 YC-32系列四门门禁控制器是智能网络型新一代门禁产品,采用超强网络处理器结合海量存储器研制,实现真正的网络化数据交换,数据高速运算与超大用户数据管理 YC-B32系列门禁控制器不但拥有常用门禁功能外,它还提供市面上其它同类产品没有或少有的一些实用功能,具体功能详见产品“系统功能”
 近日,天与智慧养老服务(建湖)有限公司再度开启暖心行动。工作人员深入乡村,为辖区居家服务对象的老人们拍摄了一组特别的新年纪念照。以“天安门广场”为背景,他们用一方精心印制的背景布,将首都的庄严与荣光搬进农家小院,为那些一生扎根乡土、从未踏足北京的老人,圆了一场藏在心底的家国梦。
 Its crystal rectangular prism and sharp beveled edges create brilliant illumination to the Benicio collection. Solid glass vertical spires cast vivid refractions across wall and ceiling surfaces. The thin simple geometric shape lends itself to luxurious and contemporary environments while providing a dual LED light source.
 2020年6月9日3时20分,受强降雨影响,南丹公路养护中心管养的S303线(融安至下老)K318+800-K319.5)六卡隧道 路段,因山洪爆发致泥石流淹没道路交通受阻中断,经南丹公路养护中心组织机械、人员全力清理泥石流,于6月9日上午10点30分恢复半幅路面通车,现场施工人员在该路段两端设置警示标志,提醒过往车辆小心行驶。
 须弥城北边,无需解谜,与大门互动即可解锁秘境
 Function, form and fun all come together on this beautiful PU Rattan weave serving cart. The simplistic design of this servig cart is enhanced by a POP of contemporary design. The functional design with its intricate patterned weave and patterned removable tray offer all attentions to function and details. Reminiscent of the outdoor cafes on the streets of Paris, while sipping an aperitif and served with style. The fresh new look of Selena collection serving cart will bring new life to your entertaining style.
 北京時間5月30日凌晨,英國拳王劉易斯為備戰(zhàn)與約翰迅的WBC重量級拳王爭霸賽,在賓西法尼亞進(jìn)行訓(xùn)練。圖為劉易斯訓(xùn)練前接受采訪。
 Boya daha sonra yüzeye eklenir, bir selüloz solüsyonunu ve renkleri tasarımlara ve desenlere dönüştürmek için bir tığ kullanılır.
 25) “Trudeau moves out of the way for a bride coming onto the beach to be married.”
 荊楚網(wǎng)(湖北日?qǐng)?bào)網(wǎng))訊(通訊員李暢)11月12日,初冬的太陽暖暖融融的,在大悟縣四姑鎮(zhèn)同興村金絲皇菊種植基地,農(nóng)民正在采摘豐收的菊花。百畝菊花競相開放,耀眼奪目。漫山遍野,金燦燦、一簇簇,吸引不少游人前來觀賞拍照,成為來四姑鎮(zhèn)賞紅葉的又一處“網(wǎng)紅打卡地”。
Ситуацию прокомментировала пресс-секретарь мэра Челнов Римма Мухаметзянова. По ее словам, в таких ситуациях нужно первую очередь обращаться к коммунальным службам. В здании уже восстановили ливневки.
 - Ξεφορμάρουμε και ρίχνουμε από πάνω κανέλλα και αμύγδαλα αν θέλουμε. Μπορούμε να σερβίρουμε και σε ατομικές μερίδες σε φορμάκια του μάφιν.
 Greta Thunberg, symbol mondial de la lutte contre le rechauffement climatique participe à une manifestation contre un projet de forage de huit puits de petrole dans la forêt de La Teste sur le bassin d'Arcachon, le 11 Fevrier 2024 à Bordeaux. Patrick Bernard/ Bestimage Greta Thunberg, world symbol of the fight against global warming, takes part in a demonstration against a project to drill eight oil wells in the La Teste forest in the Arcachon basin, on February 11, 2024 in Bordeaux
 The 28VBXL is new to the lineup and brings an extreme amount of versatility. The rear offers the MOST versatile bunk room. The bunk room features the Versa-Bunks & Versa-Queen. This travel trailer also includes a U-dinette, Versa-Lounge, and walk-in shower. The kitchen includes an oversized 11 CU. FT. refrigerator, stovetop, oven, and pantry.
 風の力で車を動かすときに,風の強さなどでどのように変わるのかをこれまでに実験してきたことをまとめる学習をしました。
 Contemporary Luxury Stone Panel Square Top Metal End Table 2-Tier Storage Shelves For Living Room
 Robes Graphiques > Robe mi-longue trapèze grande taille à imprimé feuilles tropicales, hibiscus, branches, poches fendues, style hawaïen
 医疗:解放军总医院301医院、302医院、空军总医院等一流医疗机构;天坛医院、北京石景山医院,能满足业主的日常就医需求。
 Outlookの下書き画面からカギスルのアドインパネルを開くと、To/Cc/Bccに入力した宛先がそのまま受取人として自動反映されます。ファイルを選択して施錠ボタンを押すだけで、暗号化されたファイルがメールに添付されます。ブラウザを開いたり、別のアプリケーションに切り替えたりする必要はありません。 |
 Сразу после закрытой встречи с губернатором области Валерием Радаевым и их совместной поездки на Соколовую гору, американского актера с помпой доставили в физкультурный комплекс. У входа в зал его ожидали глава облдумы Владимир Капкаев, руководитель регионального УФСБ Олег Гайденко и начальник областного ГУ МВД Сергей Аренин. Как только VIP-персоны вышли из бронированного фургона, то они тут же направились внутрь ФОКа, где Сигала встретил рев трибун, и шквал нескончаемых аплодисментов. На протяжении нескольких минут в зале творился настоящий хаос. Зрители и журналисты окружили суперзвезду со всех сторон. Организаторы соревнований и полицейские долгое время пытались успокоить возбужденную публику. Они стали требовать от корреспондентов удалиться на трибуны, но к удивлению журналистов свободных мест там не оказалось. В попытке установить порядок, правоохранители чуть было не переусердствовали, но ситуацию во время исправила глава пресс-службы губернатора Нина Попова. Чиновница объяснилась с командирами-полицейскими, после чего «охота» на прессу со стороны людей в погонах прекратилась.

### Task objective
Would you copy out exactly the lines above that start at the one containing "moves out of" and end at the one containing "Ситуацию прокомментировала пресс-секретарь", inclusive?

### Answer to this task
 25) “Trudeau moves out of the way for a bride coming onto the beach to be married.”
 荊楚網(wǎng)(湖北日?qǐng)?bào)網(wǎng))訊(通訊員李暢)11月12日,初冬的太陽暖暖融融的,在大悟縣四姑鎮(zhèn)同興村金絲皇菊種植基地,農(nóng)民正在采摘豐收的菊花。百畝菊花競相開放,耀眼奪目。漫山遍野,金燦燦、一簇簇,吸引不少游人前來觀賞拍照,成為來四姑鎮(zhèn)賞紅葉的又一處“網(wǎng)紅打卡地”。
Ситуацию прокомментировала пресс-секретарь мэра Челнов Римма Мухаметзянова. По ее словам, в таких ситуациях нужно первую очередь обращаться к коммунальным службам. В здании уже восстановили ливневки.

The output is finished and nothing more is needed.